### Activity
Set down every record below exactly as it stands, minus the pictures.

#####

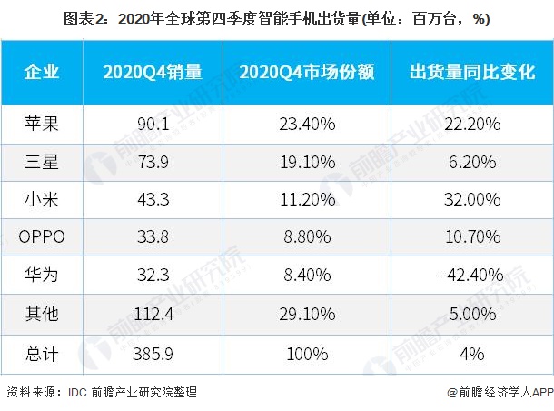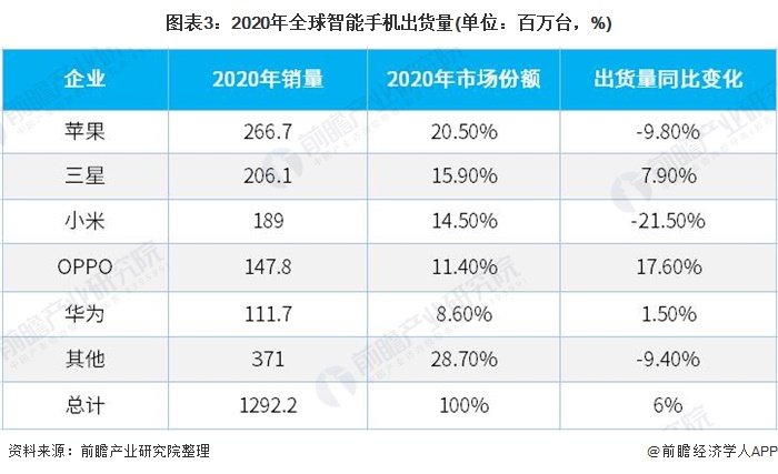 2020年全年,苹果出货量第一,销量达2.67亿台,较去年同期下降9.8%,主要系受2020年上半年新冠疫情影响。全球销量第二、三名分别为三星及小米,销量分别达2.06亿台和1.89亿台,前者较去年同期上涨7.9%,后者同比下降21.5%。
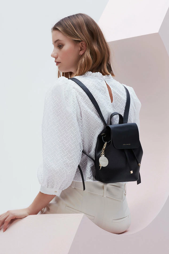 This mini backpack is the perfect balance of chic and practical, in a beautiful smooth faux leather. Roomy enough for all your everyday needs, this bag contains two internal pockets to keep you organised.
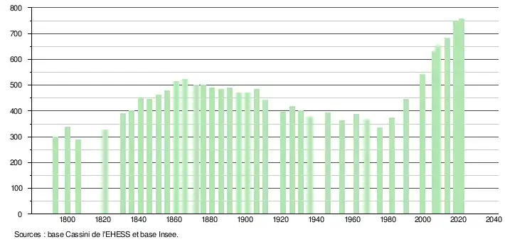 L'évolution du nombre d'habitants est connue à travers les recensements de la population effectués dans la commune depuis 1793. Pour les communes de moins de 10 000 habitants, une enquête de recensement portant sur toute la population est réalisée tous les cinq ans, les populations légales des années intermédiaires étant quant à elles estimées par interpolation ou extrapolation[13]. Pour la commune, le premier recensement exhaustif entrant dans le cadre du nouveau dispositif a été réalisé en 2008[14].
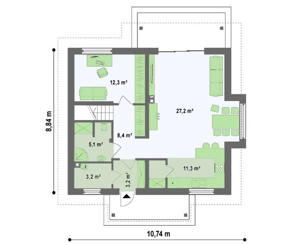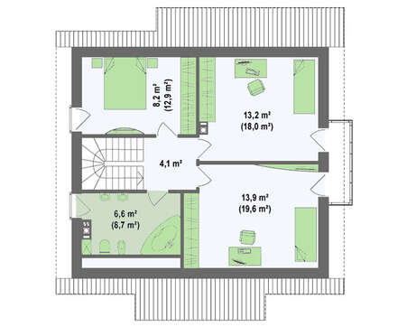 • 4M084 Проект мансардного дома площадью 134 кв.м. с эркером
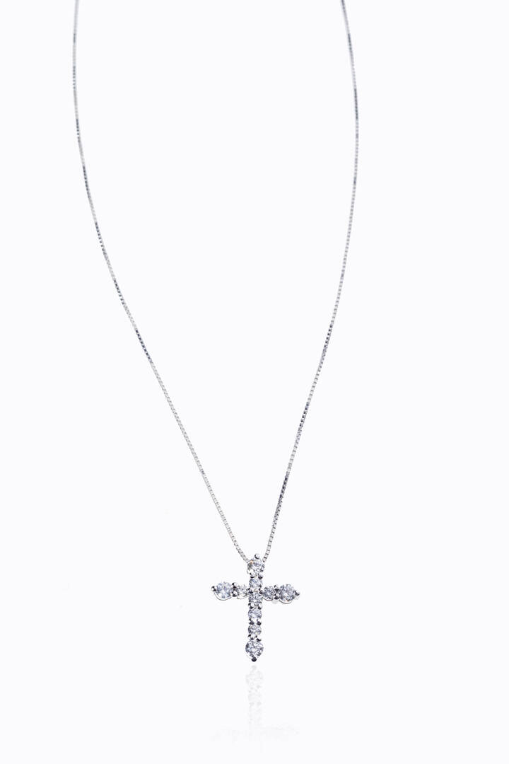 in oro bianco, a forma di croce, con diamanti taglio brillante per totali ct 0,14 ca, probabile colore G-H, purezza IF-VVS

#####

### Solution to the problem
 2020年全年,苹果出货量第一,销量达2.67亿台,较去年同期下降9.8%,主要系受2020年上半年新冠疫情影响。全球销量第二、三名分别为三星及小米,销量分别达2.06亿台和1.89亿台,前者较去年同期上涨7.9%,后者同比下降21.5%。
 This mini backpack is the perfect balance of chic and practical, in a beautiful smooth faux leather. Roomy enough for all your everyday needs, this bag contains two internal pockets to keep you organised.
 L'évolution du nombre d'habitants est connue à travers les recensements de la population effectués dans la commune depuis 1793. Pour les communes de moins de 10 000 habitants, une enquête de recensement portant sur toute la population est réalisée tous les cinq ans, les populations légales des années intermédiaires étant quant à elles estimées par interpolation ou extrapolation[13]. Pour la commune, le premier recensement exhaustif entrant dans le cadre du nouveau dispositif a été réalisé en 2008[14].
 • 4M084 Проект мансардного дома площадью 134 кв.м. с эркером
 in oro bianco, a forma di croce, con diamanti taglio brillante per totali ct 0,14 ca, probabile colore G-H, purezza IF-VVS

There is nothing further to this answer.